··· Data for this exercise

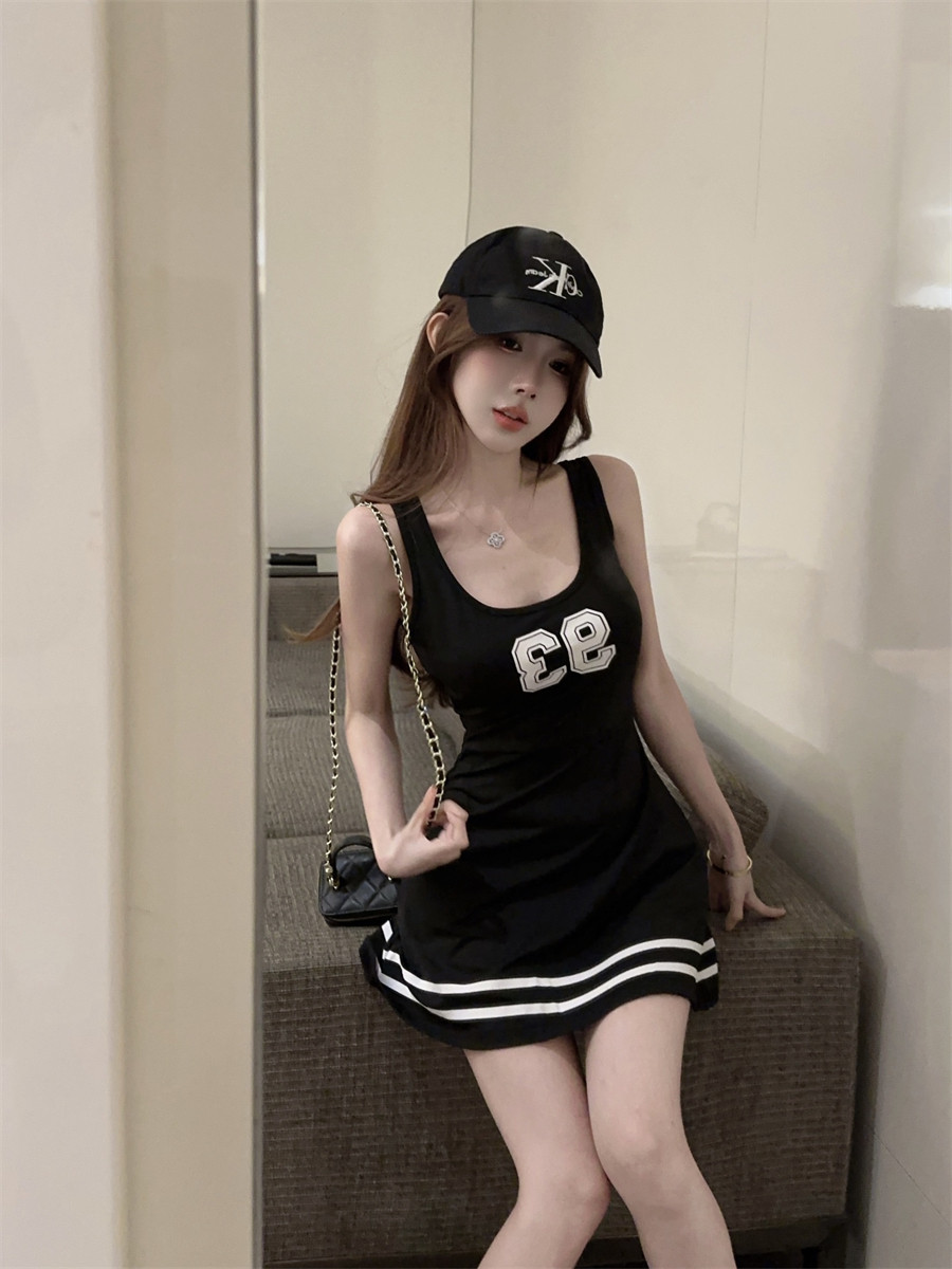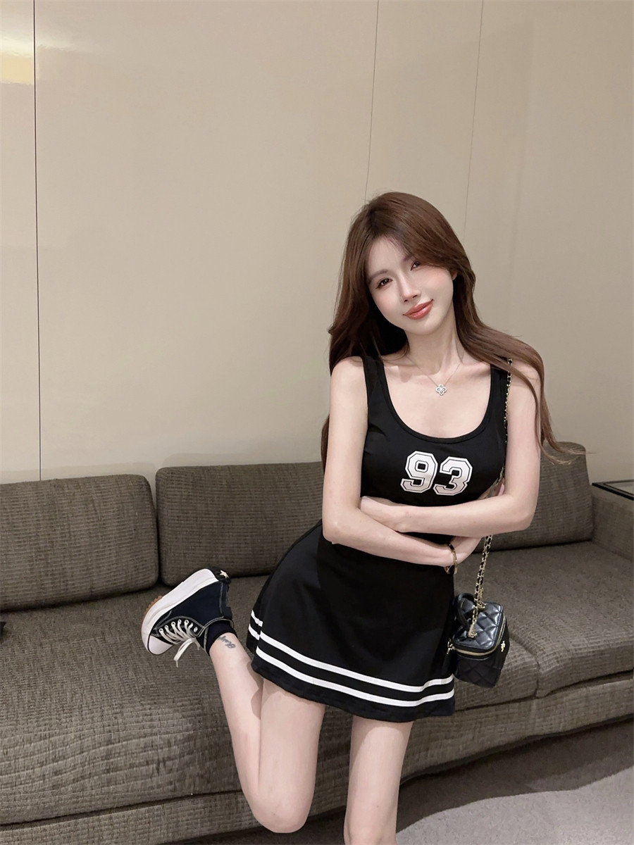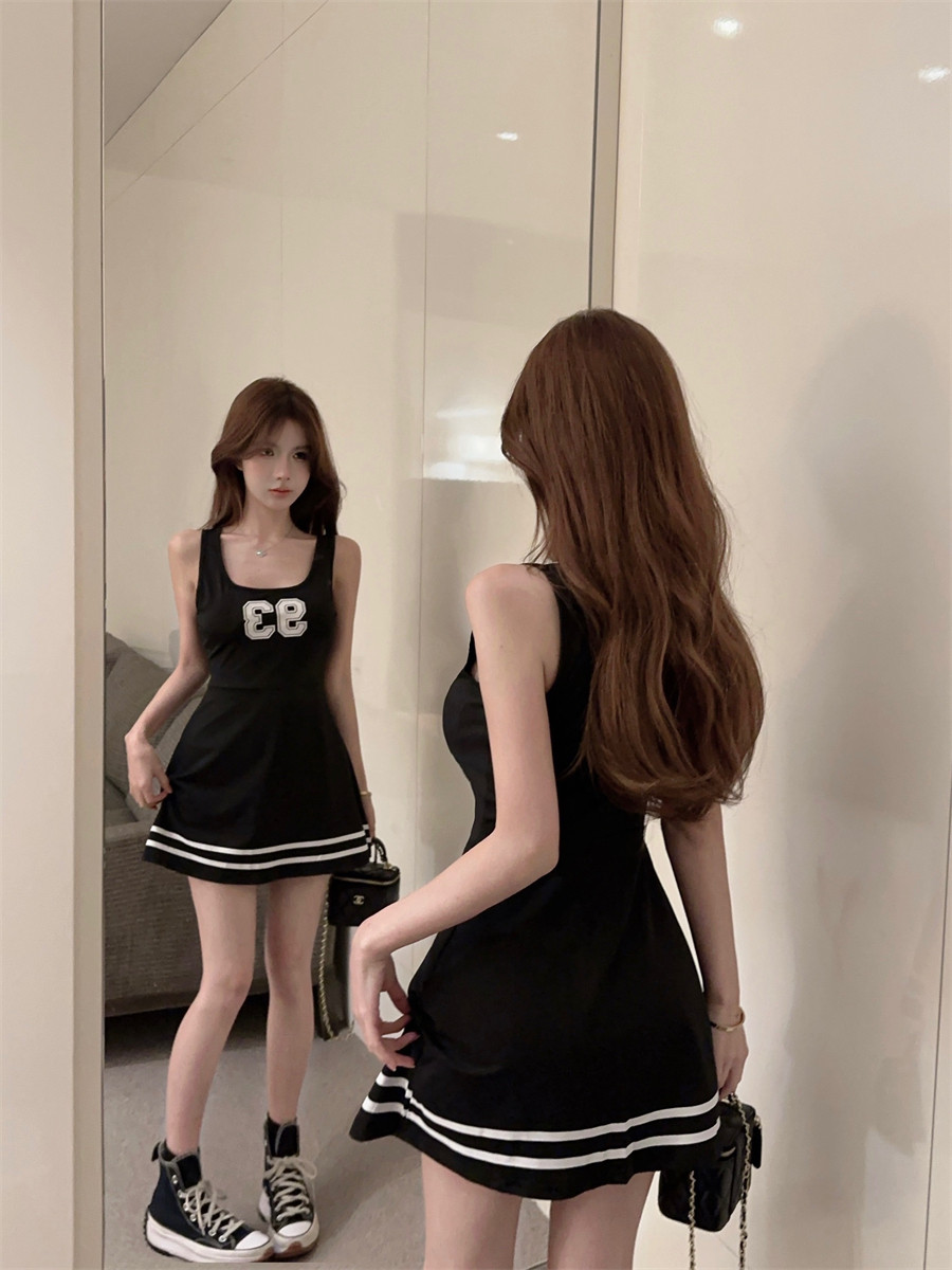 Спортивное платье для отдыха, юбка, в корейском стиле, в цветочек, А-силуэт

······
··· Data for this exercise

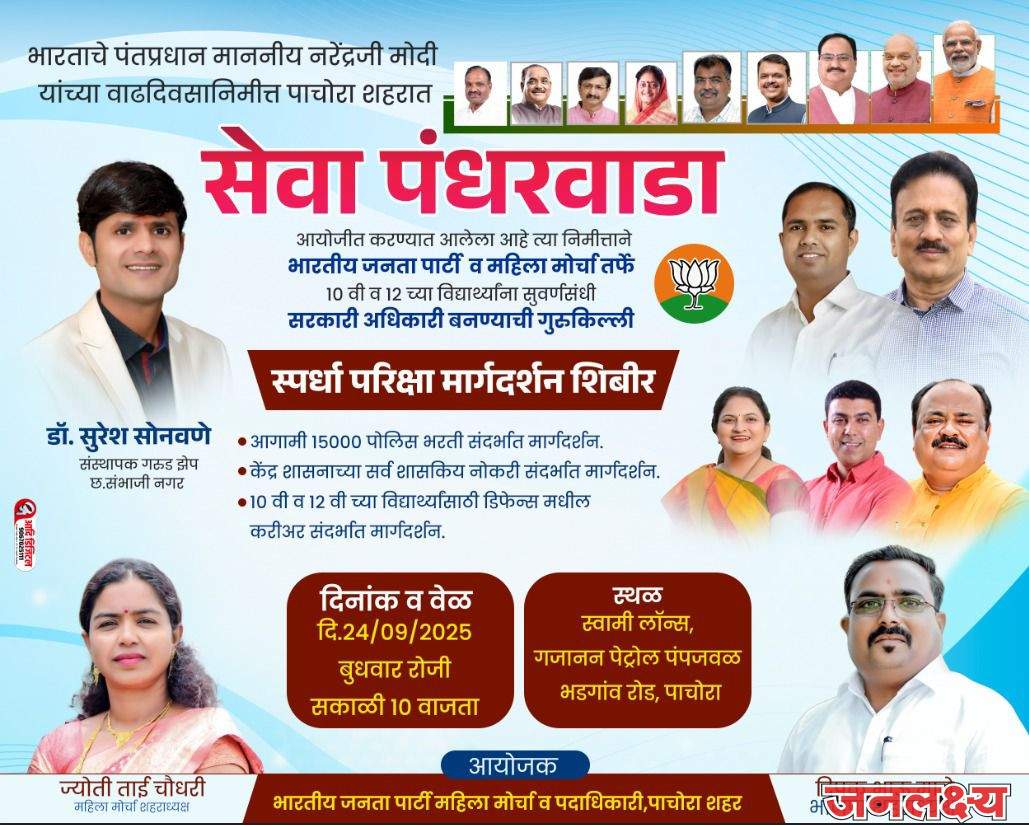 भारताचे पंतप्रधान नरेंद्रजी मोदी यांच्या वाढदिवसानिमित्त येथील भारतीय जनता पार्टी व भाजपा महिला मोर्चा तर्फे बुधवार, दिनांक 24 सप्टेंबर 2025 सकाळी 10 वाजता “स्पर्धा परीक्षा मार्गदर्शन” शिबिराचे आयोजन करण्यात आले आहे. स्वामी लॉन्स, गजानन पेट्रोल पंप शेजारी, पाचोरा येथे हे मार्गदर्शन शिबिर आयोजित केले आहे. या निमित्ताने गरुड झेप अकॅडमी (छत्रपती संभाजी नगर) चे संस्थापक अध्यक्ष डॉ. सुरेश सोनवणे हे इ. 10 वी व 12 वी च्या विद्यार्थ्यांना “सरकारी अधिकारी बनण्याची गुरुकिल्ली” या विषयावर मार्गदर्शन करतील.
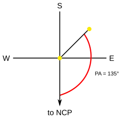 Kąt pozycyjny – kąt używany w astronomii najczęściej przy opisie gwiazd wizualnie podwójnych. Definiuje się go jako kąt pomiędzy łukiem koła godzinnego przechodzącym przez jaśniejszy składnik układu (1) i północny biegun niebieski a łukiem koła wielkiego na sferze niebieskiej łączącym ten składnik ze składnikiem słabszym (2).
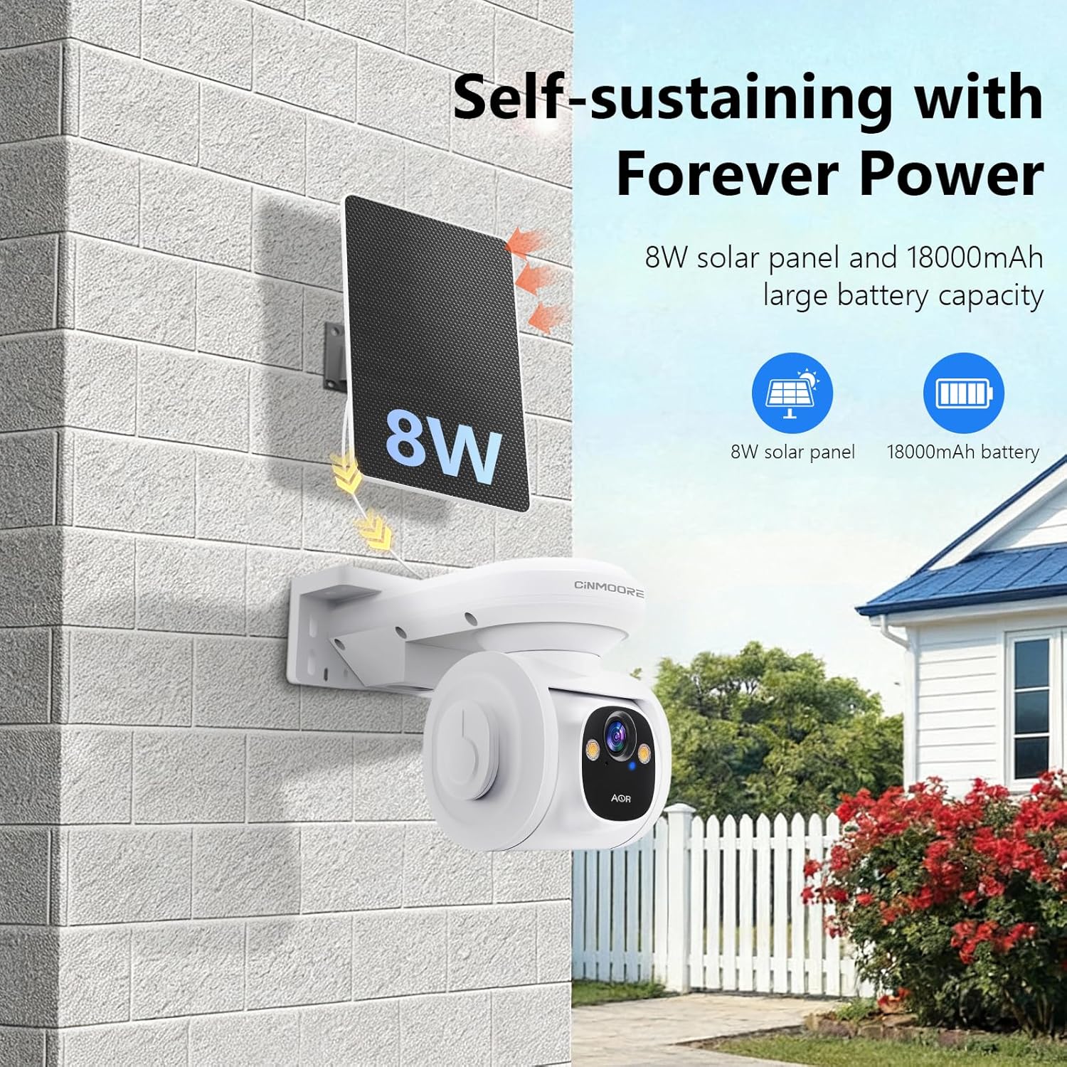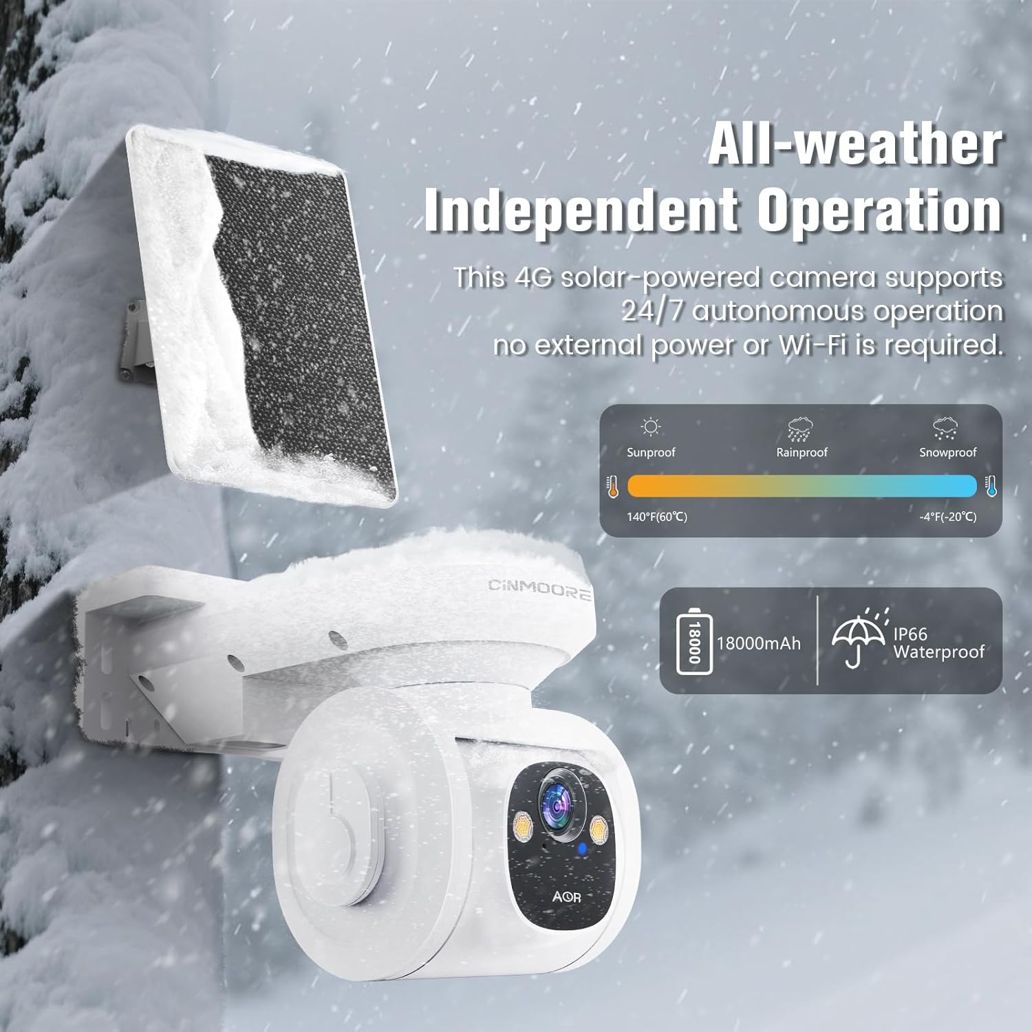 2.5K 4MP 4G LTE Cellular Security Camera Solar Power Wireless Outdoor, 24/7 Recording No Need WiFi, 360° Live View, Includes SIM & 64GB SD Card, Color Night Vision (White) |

······
··· Data for this exercise

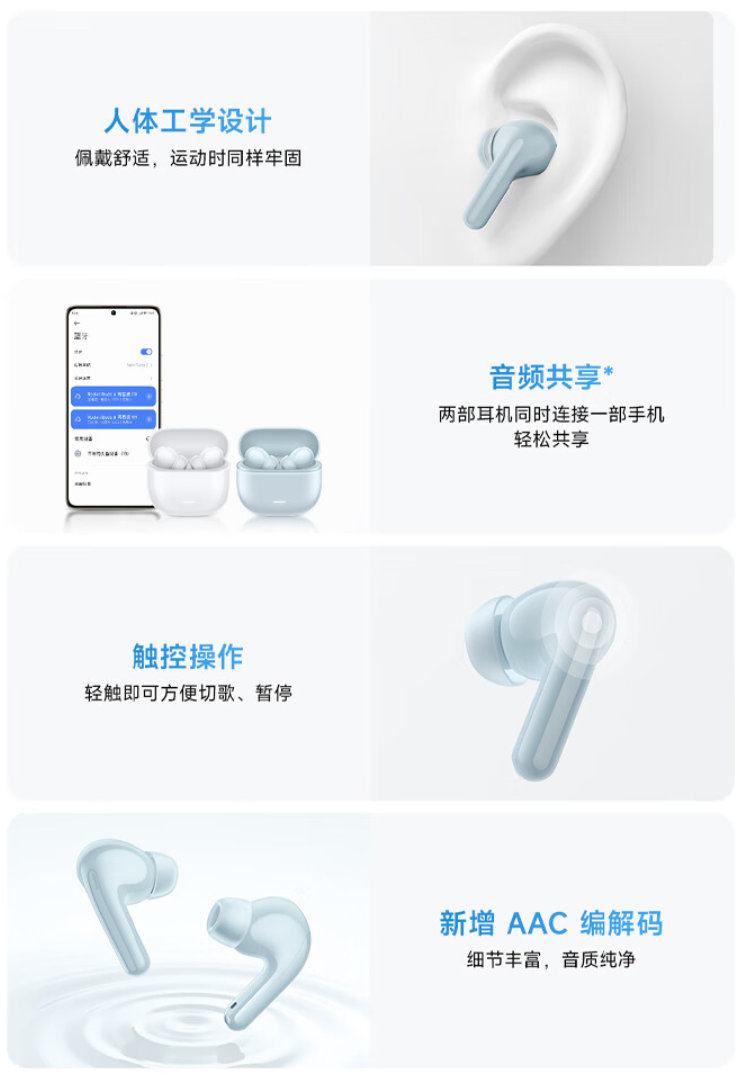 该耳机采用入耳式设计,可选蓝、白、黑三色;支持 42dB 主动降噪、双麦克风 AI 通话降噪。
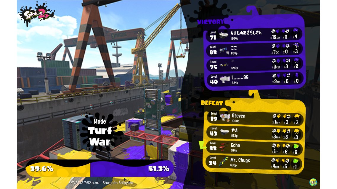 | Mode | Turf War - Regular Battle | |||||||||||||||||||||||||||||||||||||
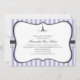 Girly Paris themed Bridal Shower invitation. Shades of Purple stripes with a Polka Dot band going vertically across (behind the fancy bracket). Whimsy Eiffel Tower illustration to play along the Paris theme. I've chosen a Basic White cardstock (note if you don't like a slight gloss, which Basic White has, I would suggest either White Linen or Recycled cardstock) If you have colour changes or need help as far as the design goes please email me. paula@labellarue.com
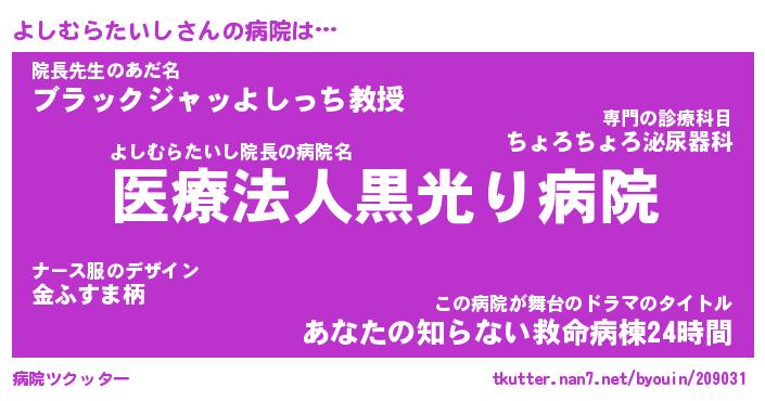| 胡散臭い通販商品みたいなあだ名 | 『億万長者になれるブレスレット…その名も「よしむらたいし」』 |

······

#### What to produce:
Your output should be the lines above from the one that contains "该耳机采用入耳式设计,可选蓝、白、黑三色;支持 42dB 主动降噪、双麦克风" through the one that contains "Battle | |||||||||||||||||||||||||||||||||||||", word for word, with pictures left out.

#### Reply to the task:
 该耳机采用入耳式设计,可选蓝、白、黑三色;支持 42dB 主动降噪、双麦克风 AI 通话降噪。
 | Mode | Turf War - Regular Battle | |||||||||||||||||||||||||||||||||||||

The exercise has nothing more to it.